One of the protesters dead because his previous asthma history, and not related to any attack or accidental shooting. What happened in Penjaringan area was a criminal activity done by rascals, not protesters, but again the government has shown its readiness to handle such unexpected situation not to spread in other areas.

In fact, it was actually not related to the protests. It was done by some irresponsible people who take advantage of the protest. Yet, the government could promptly took needed action to bring back situation to normal in relatively short time.

All in all, the government has done a marvellous job in dealing with this protest. What was feared was not occurring and all situation could be handled very well and wisely. We hope that this will be a new era of Indonesian democracy, which is more mature and humanist. Bravo!”

Ada 3 poin penting dalam teks berbahasa Inggris tersebut. Pertama demonstran yang akan melakukan aksi tidak melupakan kewajiban mereka sebagai umat beragama Islam karena saat itu memang bertepatan dengan shalat jum’at. Di pihak pengamanan, kepolisian memulainya dengan ritual shalat dan dzikir bersama. Kedua hal tersebut menunjukan bahwa mereka masih memiliki identitas keagamaan dan sekaligus menjadi contoh yang baik sebelum melakukan hal-hal besar. Kemudian sistem demokrasi kita tetap berlandaskan sila pertama yaitu, Ketuhanan yang maha esa.

Poin berikutnya adalah bentrokan antara demonstran dan polisi tidak banyak menelan korban dapat dikatakan rendah kekerasan. Meskipun ada seorang demonstran yang meninggal dunia di lokasi unjuk rasa, namun setelah diselidiki demonstran tersebut memiliki riwayat gangguan pernapasan atau asma. Hal tersebut terjadi bukan atas dasar kekerasan. Ini menunjukan kemajuan unjuk rasa yang rendah kekerasan.

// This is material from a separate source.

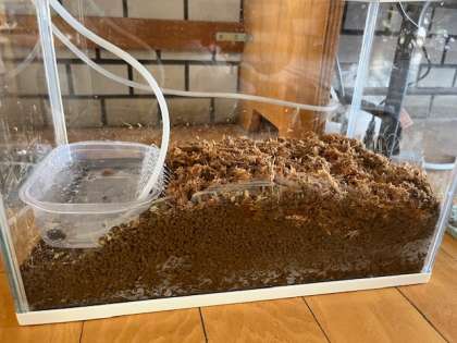 ホタルの幼虫を幼稚園にいただきました。真っ暗な部屋でじっと見ていると、幼虫がピカッ、ピカッと光っていました。水から這い上がり、土の中でさなぎになるそうです。成虫になる準備を始めたんですね。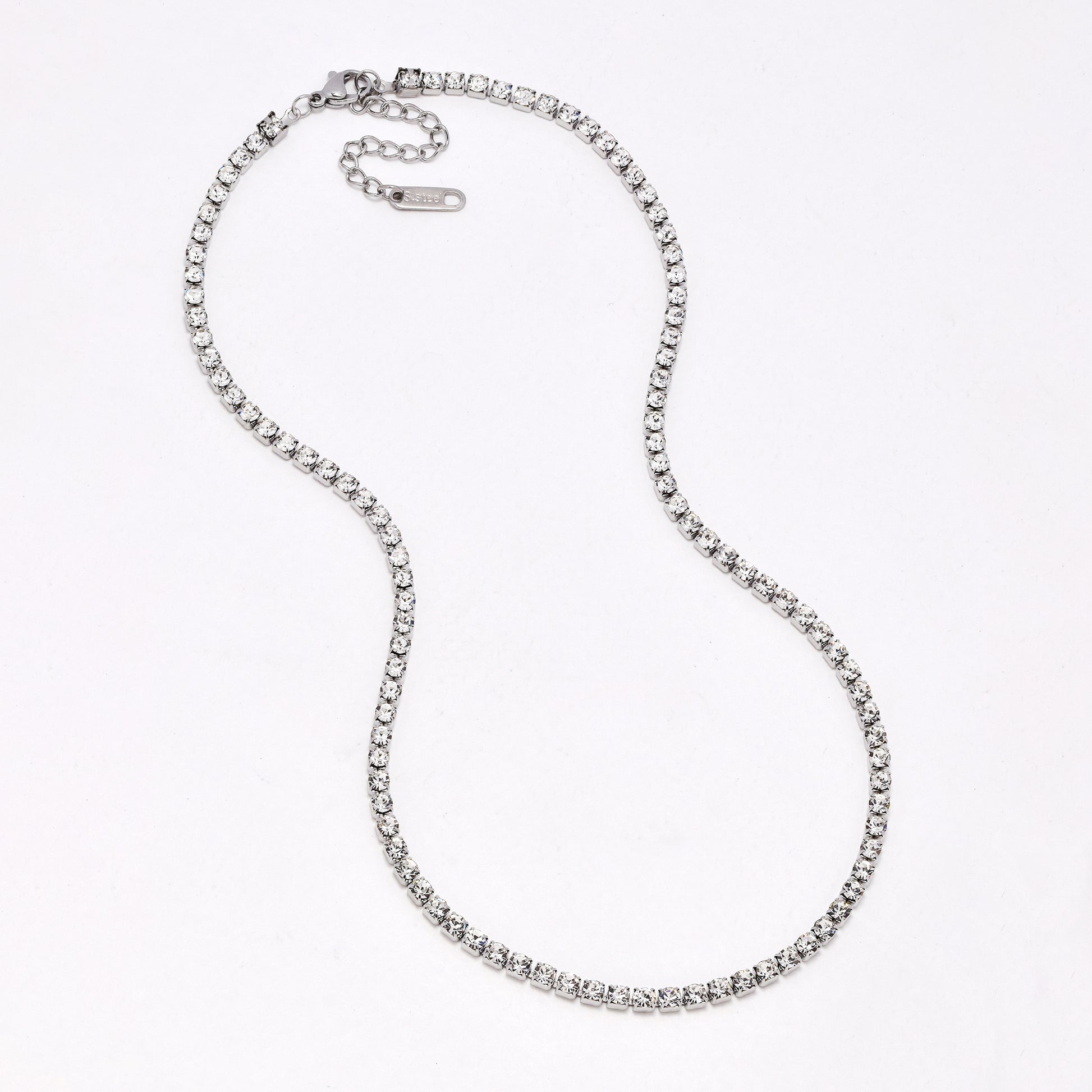 SSYN6916 - Steel 40cm + 5cm x 3mm CZ tennis necklace

Yang terakhir adalah efektifitas waktu unjuk rasa yang ditargetkan berlangsung dari siang hingga 18:00 WIB. Ketertiban pihak demonstranlah yang harus diacungi jempol karena tidak melanggar aturan. Hal tersebut menjadi lebih efektif sebab tidak akan mengganggu aktivitas masyarakat lainnya.

Ketiga poin tersebut hemat saya dapat membuka mata semua pihak. Unjuk rasa selanjutnya mungkin akan jauh lebih tertib, aman, dan lebih mencerminkan sila ke lima, kerakyatan yang dipimpin oleh hikmat kebijaksanaan dalam permusyawaratan/perwakilan. Hal tersebut akan terjadi jika kita menganggap demokrasi adalah serupa bentuk dari musyawarah.


Kemudian yang harus dihindari dari demonstran dan kepolisian adalah pihak yang mendistorsi jalannya unjuk rasa. Pihak tersebut tentunya bukan demonstran, lebih cenderung menjadi pihak yang tidak bertanggung jawab yang memanfaatkan kegiatan unjuk rasa.  Dengan begitu akan terciptanya era baru demokrasi Indonesia yang berlandaskan pancasila.